In what is becoming something of a disastrous bit of commentary on the current state of our society, it is starting to feel like stories involving both rape and football are becoming as common as office cooler analysis by Monday morning quarterbacks.
Recently, a video posted by the hacker-activist group Anonymous showed high school students in Steubenville, Ohio joking about student athletes taking a young woman, who had passed out, from party to party, raping her repeatedly. So far, two football players have been charged with rape.
And of course, a year ago, former Penn State assistant coach Jerry Sandusky was charged with repeatedly raping young boys. A scandal which, thankfully, did make news far beyond the sports media landscape.

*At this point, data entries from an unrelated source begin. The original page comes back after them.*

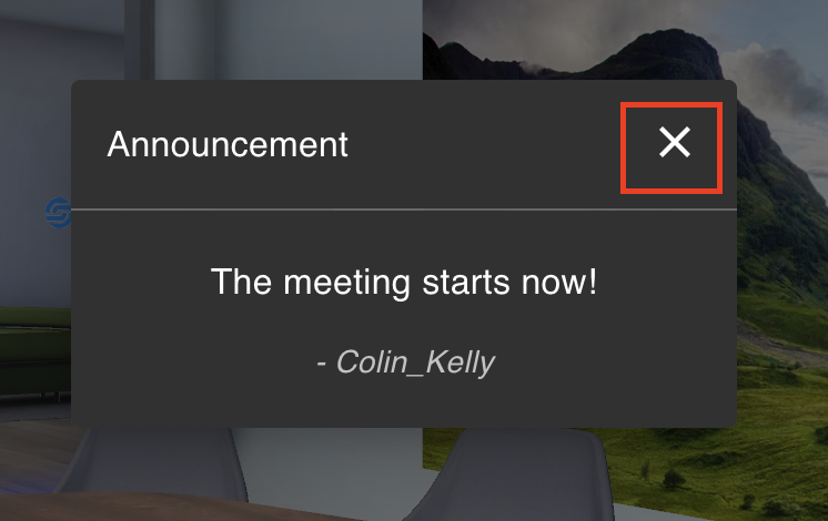 During the event, we'll be sending many broadcast announcements. Make sure to click the 'X' on each pop-up so you'll be ready to interact with other people and also be able to see the future announcements during the event.
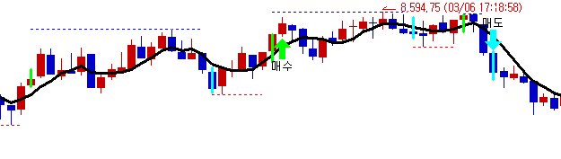 참고로 첨부파일에서 보이는 점선이 같거나 높으면 매수 같거나 낮으면 매도 입니다
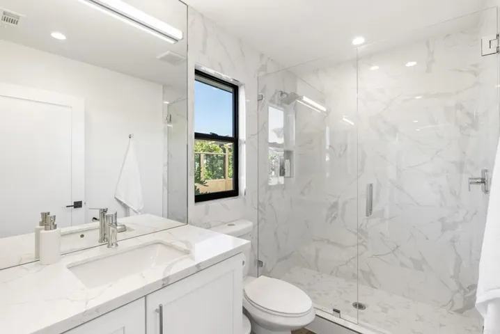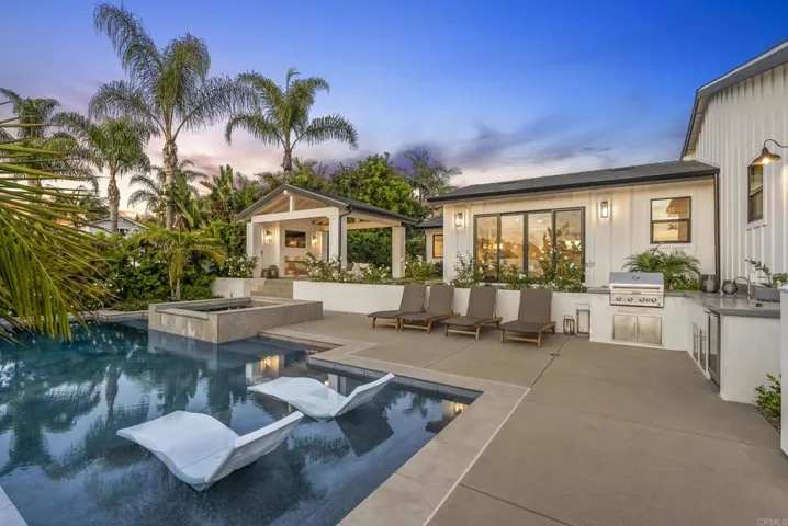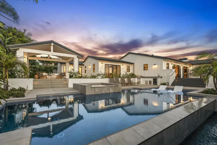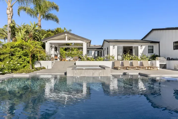 A modern coastal estate in the heart of Carlsbad. This newly built 5-bed, 5-bath residence sits on an expansive lot with a long driveway, a 3-car garage, and incredible indoor–outdoor flow. Every bedroom features its own full en-suite bath and generous space. Designed for elevated living and seamless entertainment, the home features an open kitchen, spacious living room, designer lighting, high-end finishes, and floor-to-ceiling windows framing panoramic views. Multiple outdoor spaces include a resort-style pool, spa, waterfalls, outdoor fireplaces, and view decks—all perfect for gatherings day or night. The property also includes a private ADU, ideal for guests, multigenerational living, or rental income.Located minutes from Carlsbad Village, sandy beaches, top dining, boutique shops, and the best of the coastal lifestyle, this home delivers the true Carlsbad experience.
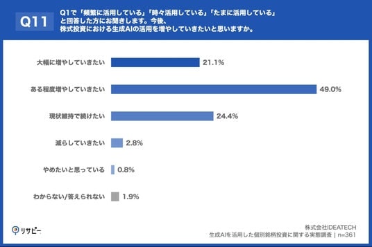 「Q11. Q1で「頻繁に活用している」「時々活用している」「たまに活用している」と回答した方にお聞きします。今後、株式投資における生成AIの活用を増やしていきたいと思いますか。」(n=361)と質問したところ、「大幅に増やしていきたい」が21.1%、「ある程度増やしていきたい」が49.0%という回答となりました。
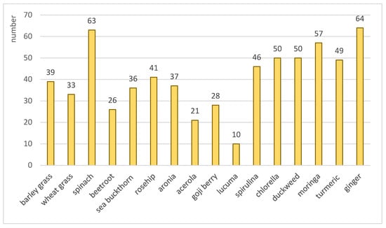 The aim of our work was to compare sixteen commercial nutraceutical powders that are marketed as superfoods, based on their composition, antioxidant capacity, and antimicrobial activity. In addition, the volatile fraction of the products was analyzed, as aromatic volatiles play important role in the biological activity and sensory characteristics of foods [17,18]. For a comprehensive view, we aimed to compare products made from a large variety of raw materials. Our samples included powders of plants traditionally consumed in the Western world (e.g., spinach, rosehip, and ginger powders) and products that are made of raw materials considered exotic in most countries (e.g., goji berry, acerola, and moringa powders). In addition, microalgae and duckweed powders, as alternative nutrient sources, were also investigated.

As many have noted, big time college football is a big business, with entire regional economies often being built upon the draw of the local gridiron heroes. This year, for example, Forbes ranked Notre Dame as the third most profitable program in the country, worth more than $100 million, including a profit of close to $50 million. Therefore, big time universities, and their corresponding football programs, stand to lose much in the wake of scandals of sexual assault, not to mention their cover up. But still, suggests Dave Zirin, sports editor at The Nation, the notion of the company football town isn’t enough to explain the national hysteria over the Penn State scandal, and the relative silence currenty being enjoyed by Notre Dame.
“The only answer that makes sense is that raping women has become “normalized” in our culture while raping little boys has not,” writes Zirin. “The only answer that makes sense is that the rape of a young boy sets all sorts of alarms of horror in the minds of the very male sports media, while the rape of women does not. The only answer that makes sense is that it’s been internalized that while boys are helpless in the face of a predator, women are responsible for their assault. The accusers are the accused.”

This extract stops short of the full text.